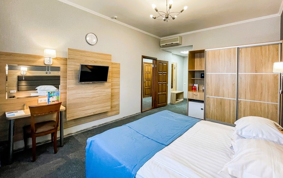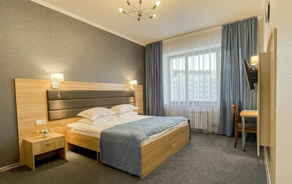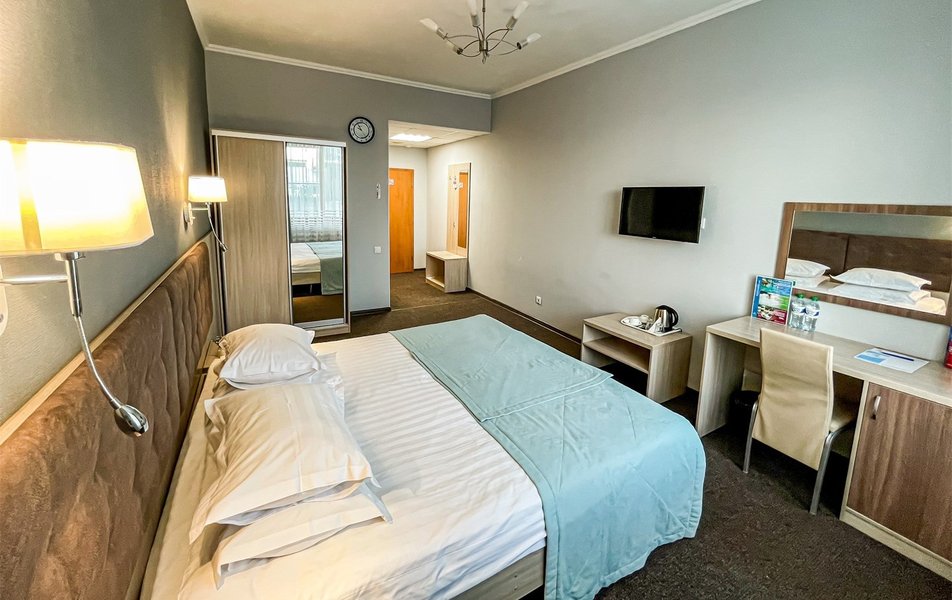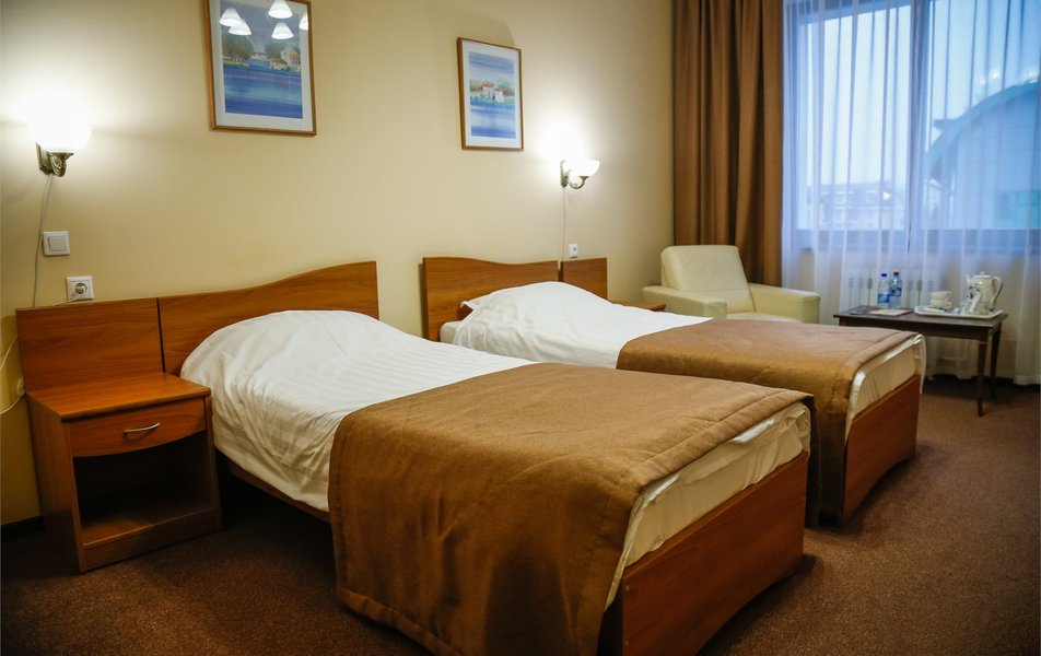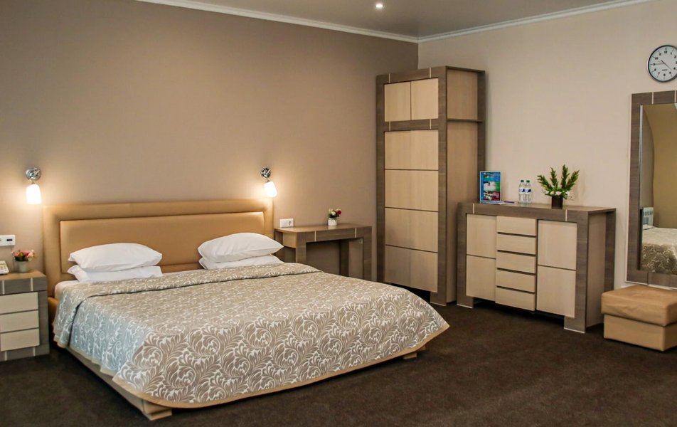 Приехали по короткой трех дневной программе В цену проживание включается еще несколько процедур. А также трех разовое питание (шведский стол) ️ Номера чистые На кроватях хорошие матрасы ️ Персонал приветливый В гостинице присутствует детская игровая комната с няней Взрослая игровая с настольным теннисом и бильярдом На первом этаже есть ресторан (была даже живая музыка) Тренажерный зал! ️️ А главное!!! Для всех гостей хоть на весь день доступен Аква Парк с разнообразными саунами и джакузи!! Вообщем можно не покидать территории гостиницы и получать все необходимое! Рекомендую
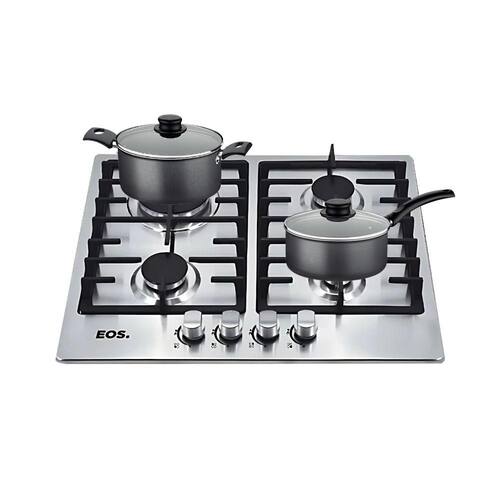 1 - Fogão Cooktop Inox a Gás 4 Bocas 1 Dupla Ecg04 Bivolt - Eos
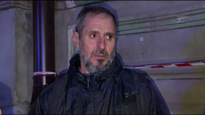 "Пролетів "шахед".Усе це сталося дуже швидко. Ми побачили, що це все близько, тому ми подумали, що треба вийти і подивитися. З собакою вийшли. З коридору було видно задимлення. У наших друзів тут є нерухомість, тому й ми вийшли, щоб подивитися", — зазанчив Володимир.
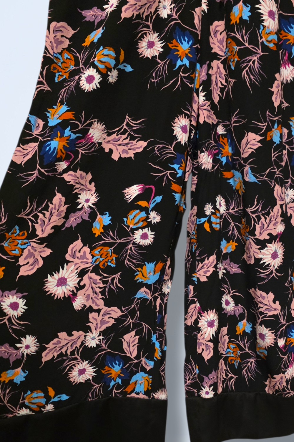 On-trend bold print, floral jumpsuit with a black base colour. Wide/straight leg with a snap button fastening and drawstring waist. ... Read more
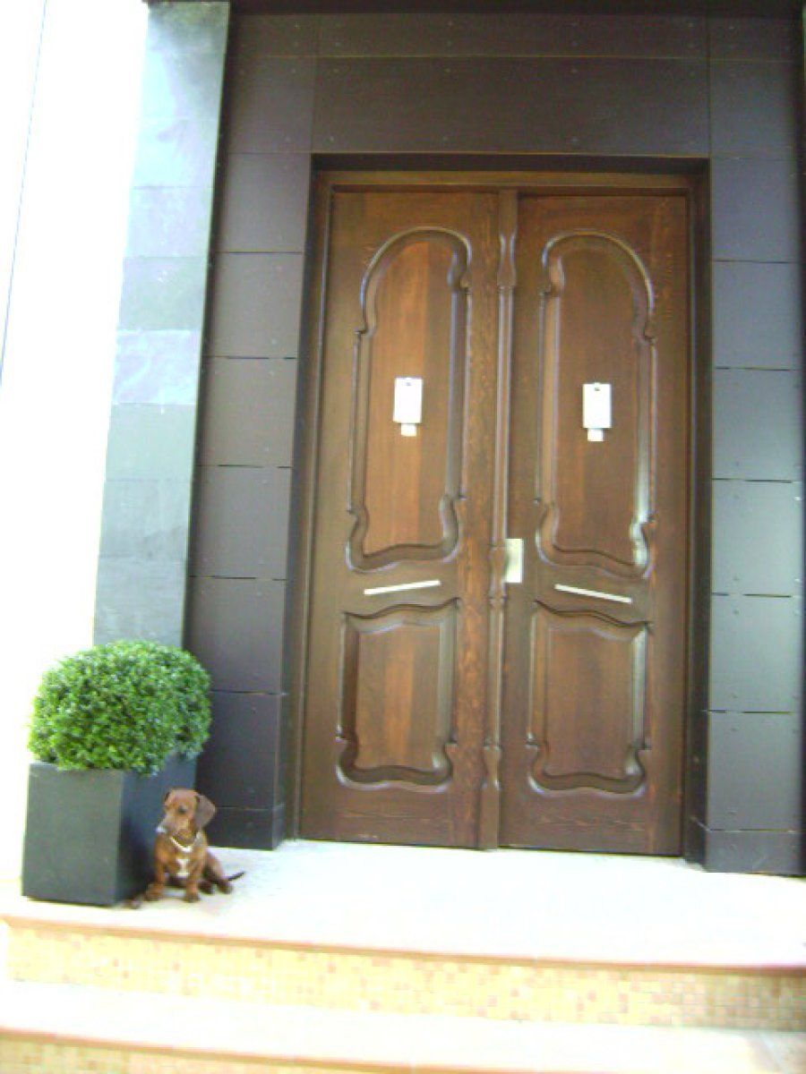 Entrada señorial. La entrada a esta vivienda de estilo contemporáneo sólo admitía una sencilla jardinera rectangular de resina en armonía con la suave textura de la fachada. Recurrimos al clásico Boj, (Buxus sempervirens) por su sencillez y elegancia, acordes a la arquitectura que vemos.

Task objective »
Once the line containing "On-trend bold print, floral" is found, copy it and each line after it through the end of the entries above exactly; nothing else, and no pictures.

Your solution »
 On-trend bold print, floral jumpsuit with a black base colour. Wide/straight leg with a snap button fastening and drawstring waist. ... Read more
 Entrada señorial. La entrada a esta vivienda de estilo contemporáneo sólo admitía una sencilla jardinera rectangular de resina en armonía con la suave textura de la fachada. Recurrimos al clásico Boj, (Buxus sempervirens) por su sencillez y elegancia, acordes a la arquitectura que vemos.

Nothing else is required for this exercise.